Graveyard

Graveyard
The Matthews Monument at Green-Wood Cemetery, Brooklyn, NY

Wednesday, December 20, 2017

A Cemetery Grows in Brooklyn: Green-Wood, Part II

Here's a few more photos from my autumn foray into Brooklyn's 478-acre Green-Wood Cemetery. Green-Wood was opened in 1830 and was part of the rural cemetery movement in America. The rural cemetery, for its founders and lot holders, represented the opposite of the quickly changing and disturbing urban industrial cities and towns. They were usually located outside of the city in the midst of nature to provide visitors with beauty and simplicity. They also represented permanence and security, as the deceased would rest there eternally, with no danger of being removed from an overcrowded city churchyard when the next body needed a burial space. Rural cemeteries also gave American communities a sense of their own history by tying them to the greater history of the United States as they recognized the achievements of their local pioneers and military veterans. These carefully planned landscapes were the very essence of the picturesque that nineteenth-century middle- and upper-class Americans strived to include in their lives. I only made it through a quarter of Green-Wood, but I managed to get, oh, 800 or so photos. I hope to go back in the spring for more!

Green-Wood's chapel, with mausoleums in the background.






The front side...

...and the back side.










Close-up of the bronze monument above.








Lovely memorial to Clara Bartlett Gregory Catlin, wife of George Catlin, a talented painter known especially for his portraits of Native Americans. Some historians say Catlin had a second family in the West with a Native American woman while he was still married to Clara, who remained back East. It could be the reason that Clara's family buried George in the back of the Gregory family lot, NOT next to Clara.




Love this, modeled somewhat after the haunting Angel of Grief that William Wetmore Story carved for his wife's gravesite in Rome.








Close-up of the broken rose on Blanche's grave above. A broken flower means a life that never had a chance to fully bloom. Blanche died at age 15.

Family plot for Horace Greeley and company. Greeley was the founder and editor of the New-York Tribune and ran unsuccessfully for president against U.S. Grant.






Green-Wood's chapel to the left, with the Manhattan skyline in the distance.




I usually don't take photos of modern graves, but this one reached out to me.







I am sure it was just the light/time of day/NY smog/camera angle that caused this eerie glow.


This and the next three photos are carvings on the main gate of Green-Wood, carved by John Moffitt, showing New Testament scenes of death and resurrection. The hope for resurrection was extremely important to 19th-century people, and most memorial symbols represent that very hope.

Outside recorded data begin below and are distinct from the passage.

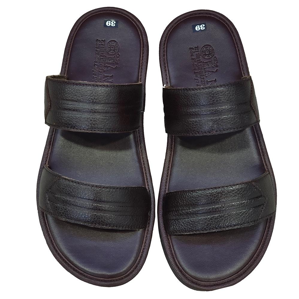 - Màu : đen ,nâu - Chất liệu bên ngoài: quai dép da bò cao cấp tuyệt đối không bong tróc hay nổ da càng đi lớp da càng mềm mại bóng đẹp - Xuất
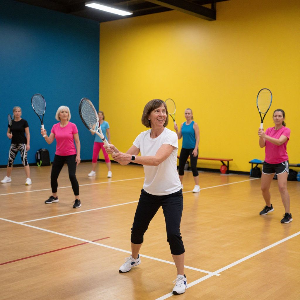 A diverse group of women aged 30 to 50 engaged in a racquet sport at a community sports center, one woman with short brown hair and a bright smile striking a return shot, surrounded by brightly painted walls and modern equipment, warm indoor lighting.
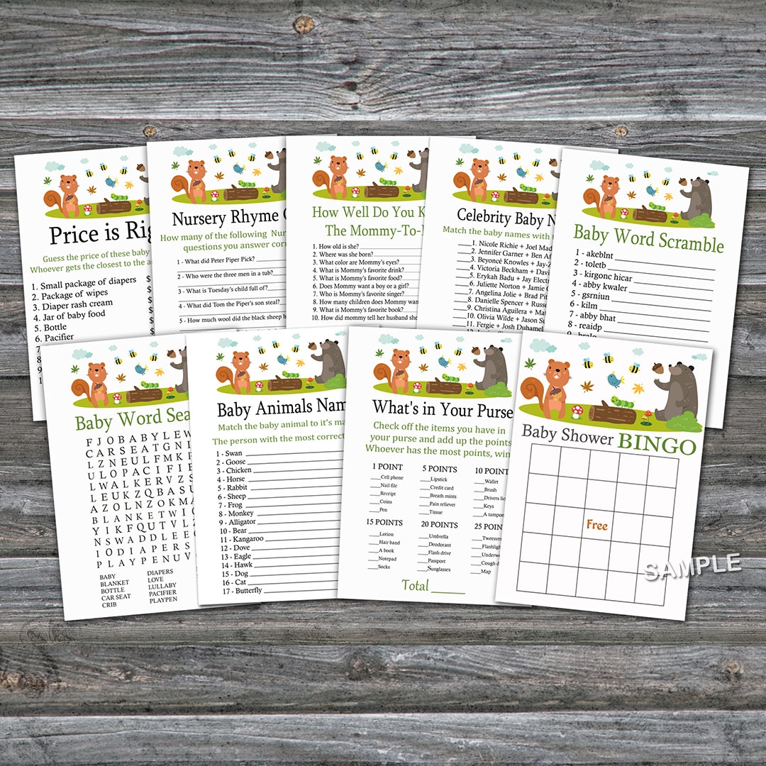 Woodland Baby Shower Games Set PRINTABLE Forest Animals Baby Shower Games Digital File Set Of 8 Animals Baby Shower Game Set BSU001 Etsy
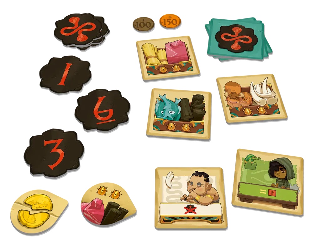 Contenu : 6 tuiles Pharaon, 6 jetons Corruption royale, 2 tuiles Personnage, 2 jetons Pirogue, 2 marqueurs de score, 1 aide de jeu, 1 livret de règles.
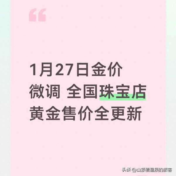 整体来看,1月27日的金价调整,是国际高位下的国内小幅跟涨,全国珠宝店的售价保持了稳中有升的态势,品牌和地区差异依然是消费者选择的重要参考。当下的黄金市场,消费和投资的逻辑截然不同,消费者可关注春节前的优惠活动,投资者则需警惕短期回调风险,理性布局。
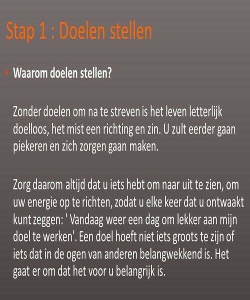 Het maakt verder niet echt uit of de doelen behaald worden, want het gaat om het 'er naar toe leven', maar af en toe een doel bereiken werkt wel motiverend om er mee door te blijven gaan, daardoor krijg je er namelijk meer zin in. Anders lijkt een dergelijk zinvol bestaan wel erg veel op telkens neuken zonder ooit klaar te komen. Niet dat neuken op zichzelf vervelend is, maar zonder een motiverend doel zoals klaarkomen is de lol er vaak toch al vlug vanaf. Als men vooraf weet dat men niet klaar gaat komen heeft men er meestal minder zin in.
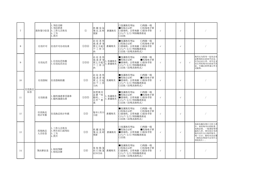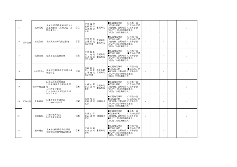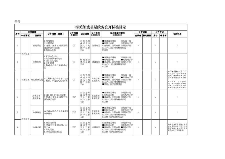 鹤庆县草海镇海关领域基层政务公开标准目录
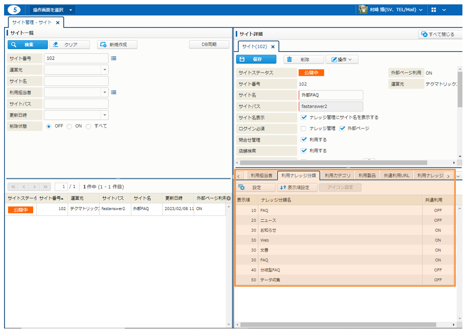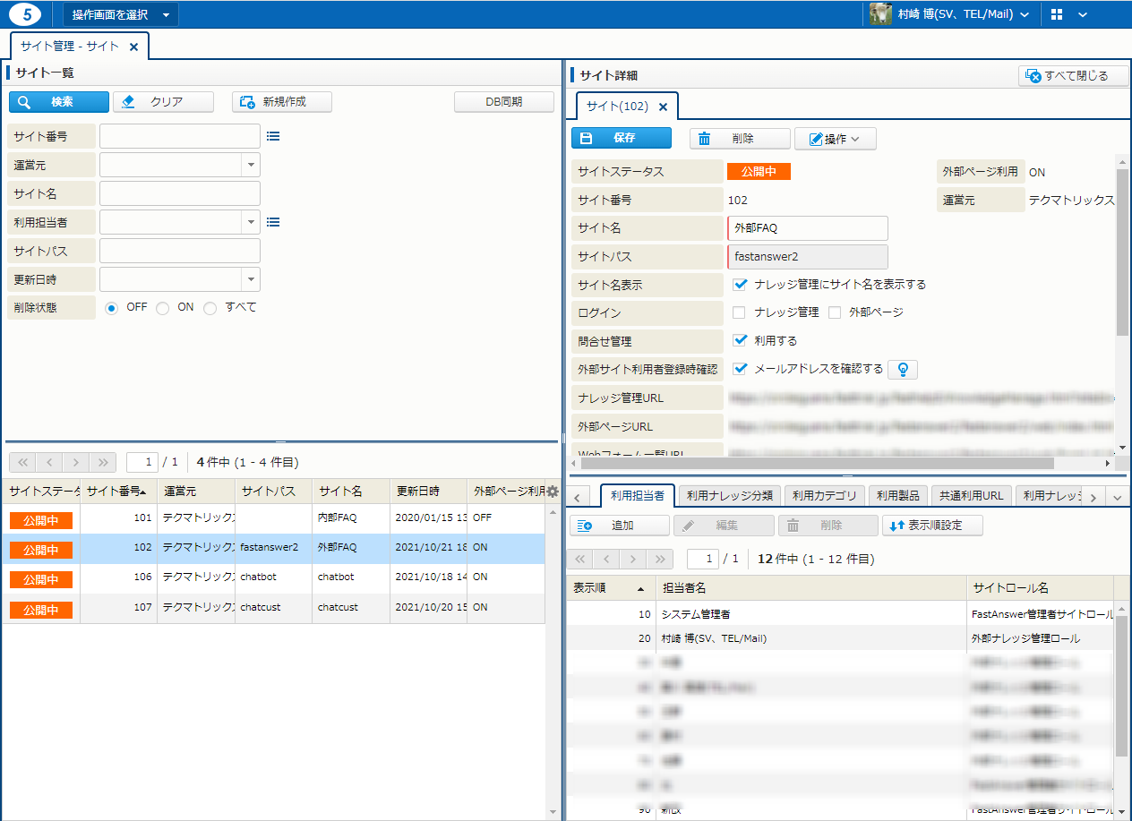ナレッジとナレッジを利用する担当者をまとめる単位を "サイト" といいます。
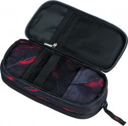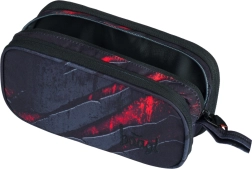 Unikt sort-rødt design i robust tekstilmateriale gør dette penalhus ikke kun praktisk, men også et moderne tilbehør.
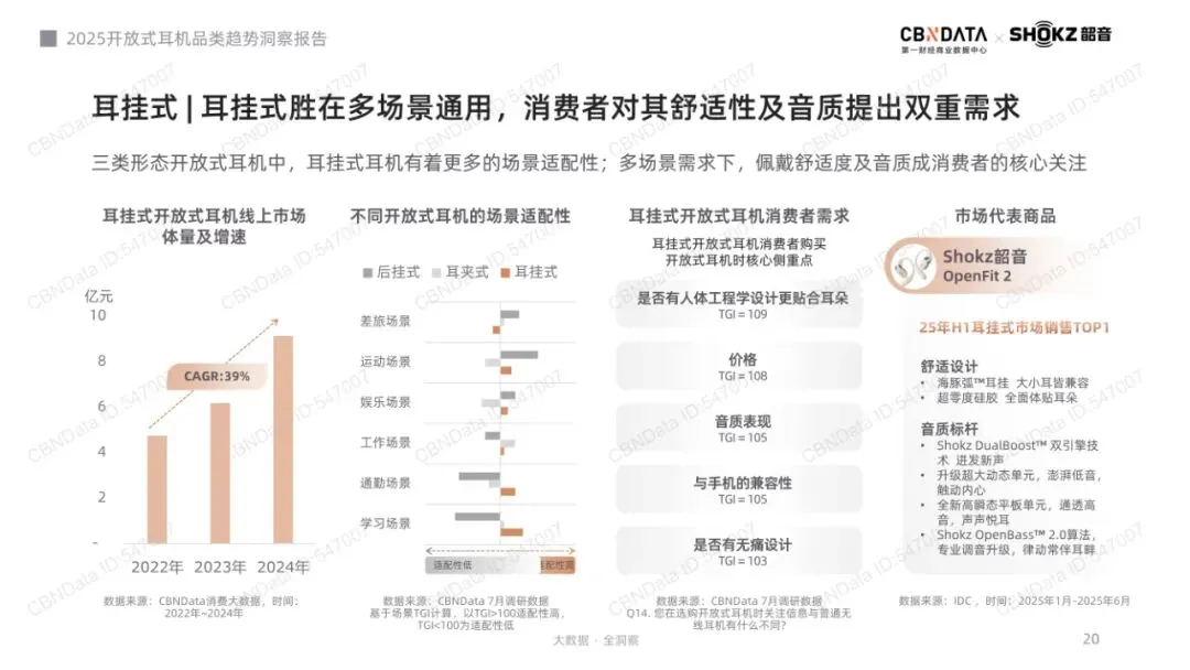 报告强调,开放式耳机市场已形成“线上主导销售、线下强化体验”的渠道格局。韶音凭借其全产品线布局策略,在高端开放式耳机市场占据主导地位,其产品如OpenFit 2、OpenDots ONE和OpenRun Pro 2在2025年上半年分别登顶各自品类的销额TOP1或TOP2。韶音的成功源于对用户“多场景使用”痛点的深度洞察与产品落地,实现了“全场景覆盖”。
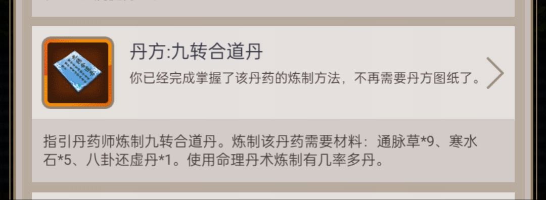 剧透一下,有需要的,可以提前留着八卦还虚丹,别低价卖给黑心杂货店了。
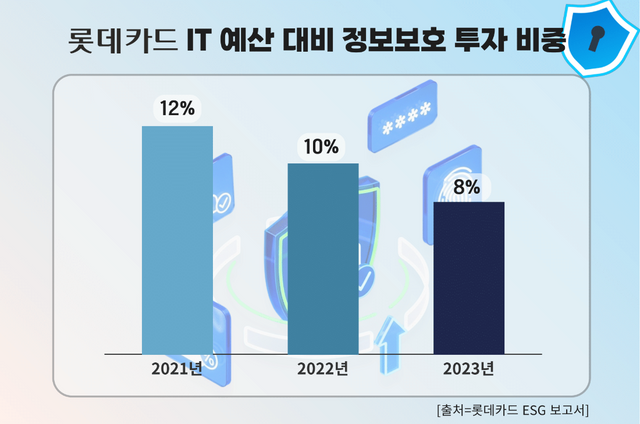 현재 금융권 안팎에선 카드 이용 정보 등의 민감한 자료까지 몽땅 털린 초유의 해킹 사태를 두고 보안에 대한 안일한 인식이 부른 '예견된 인재'라는 지적이 제기되고 있다. 앞서 롯데카드가 보안 관련 예산을 축소하고 관련 교육조차 소홀히 진행한 것으로 밝혀졌기 때문이다.실제로 2021년 롯데카드는 IT 관련 예산의 12% 가량을 정보보호에 투자했으나 2022년에는 10%, 2023년에는 8% 등 해마다 투자 비중을 줄였다. 불과 2년 만에 4%p 가량 감소한 것이다. 반면 같은 기간 전산운용비는 오히려 늘었다. 롯데카드의 전산운용비는 2021년 480억1400만원, 2022년 552억8600만원, 2023년 634억8800만원으로 해마다 늘어났다. 전산운용비란 카드사가 전산 시스템 관리 및 유지·보수에 투입하는 전반적인 비용이다.

This was so sad...the family lost three children over a period of time, and instead of three separate graves, they just added a new block for each new death.




Absolutely amazing skill here...

...and here. The mourning veil really looks gauzy and thin.

This is part of the monument to a sea captain.




Beautiful poem on the grave of Lucy Midmer, who died a few weeks after giving birth to her son Henry, who only lived three days.



Grave for a Native American woman who died in New York in 1844, aged 18.

The other side of her tombstone.

For Victorians, the death of a child, though heart-breaking, was also a triumph of innocence over the pain of life and the cruelness of death as the child went peacefully into an eternal sleep.








I'm not sure, but I think this is Mary, crushing a snake under her foot, which is from the Book of Revelation. Mary is seen as a "slayer of dragons" (snakes), and was considered "the new Eve," saving the world from the devil.

A snake again. I need to do some more research to discover who this represents.



And finally, my favorite monument ever. The Matthews Monument won "Mortuary Monument of the Year" in 1868, as well it should have! John Matthews was known as "The Soda Fountain King," who created the process to make carbonation. This monument was carved by Karl Muller in marble, granite and terra cotta, and even though it has undergone a great deal of weathering, it is still marvelous. I must have one of my very own!!!